### Description of the task
Every entry below must be repeated exactly; skip the pictures.

### The data
:::::

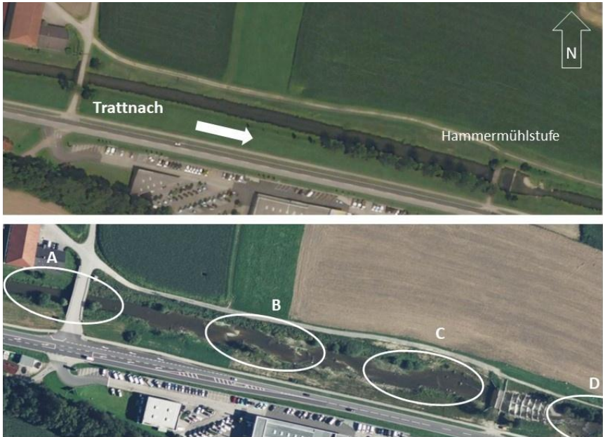
Abbildung 2. Untersuchungsabschnitt an der Trattnach in Schlüßlberg vor Durchführung der ökologischen Aufwertungsmaßnahmen (oben) und nach ihrer Fertigstellung (unten); der Pfeil zeigt die Fließrichtung an; A–D: Untersuchungsstrecken.

Figure 2. The investigated section of the River Trattnach before (upper picture) and after the implementation of rehabilitation measures (lower picture). The arrow indicates the flow direction; A–D: stretches investigated. (Quelle/Source: www.bing.com/maps ).
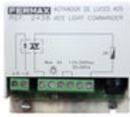
F02438 ACTIVADOR LUCES-TIMBRE VDS
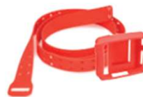
01 kit cinto e case de silicone (01 cinto + 01 extensor + 01 case para gravador holter Nomad)
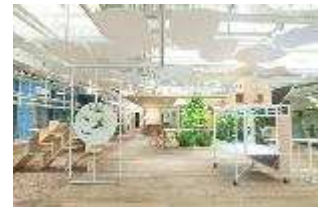
オープンスペース
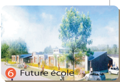
6 Future école
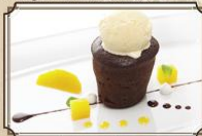
Шоколадное «МАЛЮ» ..... 250 с шариком мороженого 80/40/20 г.
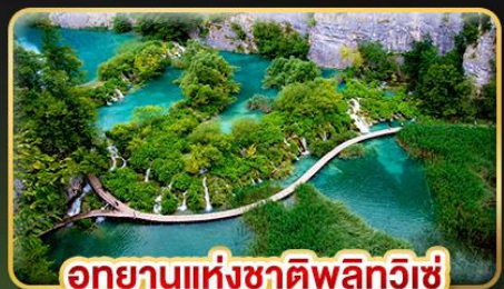
อุทยานแห่งชาติพลิตวิเช
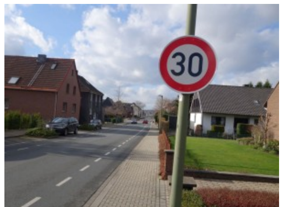
Eins der neuen Tempo 30-Schilder an der Heinrichstraße.

Runter vom Gas wenn es über die Heinrichstraße geht. Nagelneue Tempo 30-Schilder sind dort aufgehängt worden. Wer sie nicht bemerkt, muss mit einem gebührenpflichtigen Foto rechnen.
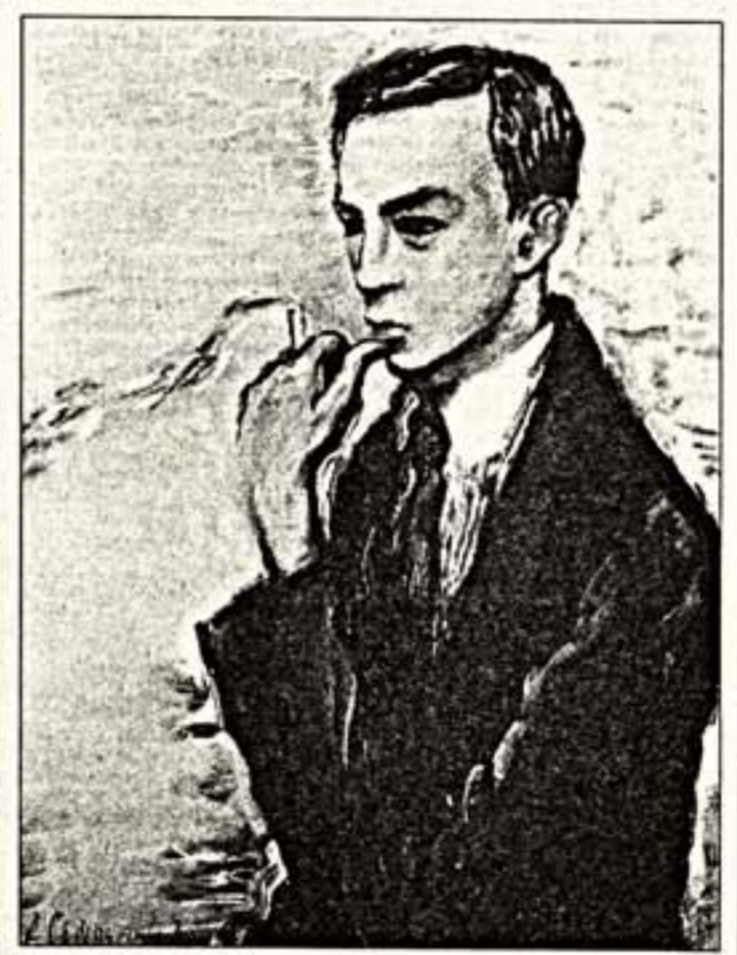
Вверху: А.Софронова. "Портрет А.Пумпянского", 1930 г. Внизу: "Ирина", 1919 г.

Антонина Софронова, чья выставку портретов показывает нынче "Ковчег", - художник известный и уже давно вошедший в анналы русского искусства.

:::::

### Task answer
Abbildung 2. Untersuchungsabschnitt an der Trattnach in Schlüßlberg vor Durchführung der ökologischen Aufwertungsmaßnahmen (oben) und nach ihrer Fertigstellung (unten); der Pfeil zeigt die Fließrichtung an; A–D: Untersuchungsstrecken.

Figure 2. The investigated section of the River Trattnach before (upper picture) and after the implementation of rehabilitation measures (lower picture). The arrow indicates the flow direction; A–D: stretches investigated. (Quelle/Source: www.bing.com/maps ).
F02438 ACTIVADOR LUCES-TIMBRE VDS
01 kit cinto e case de silicone (01 cinto + 01 extensor + 01 case para gravador holter Nomad)
オープンスペース
6 Future école
Шоколадное «МАЛЮ» ..... 250 с шариком мороженого 80/40/20 г.
อุทยานแห่งชาติพลิตวิเช
Eins der neuen Tempo 30-Schilder an der Heinrichstraße.

Runter vom Gas wenn es über die Heinrichstraße geht. Nagelneue Tempo 30-Schilder sind dort aufgehängt worden. Wer sie nicht bemerkt, muss mit einem gebührenpflichtigen Foto rechnen.
Вверху: А.Софронова. "Портрет А.Пумпянского", 1930 г. Внизу: "Ирина", 1919 г.

Антонина Софронова, чья выставку портретов показывает нынче "Ковчег", - художник известный и уже давно вошедший в анналы русского искусства.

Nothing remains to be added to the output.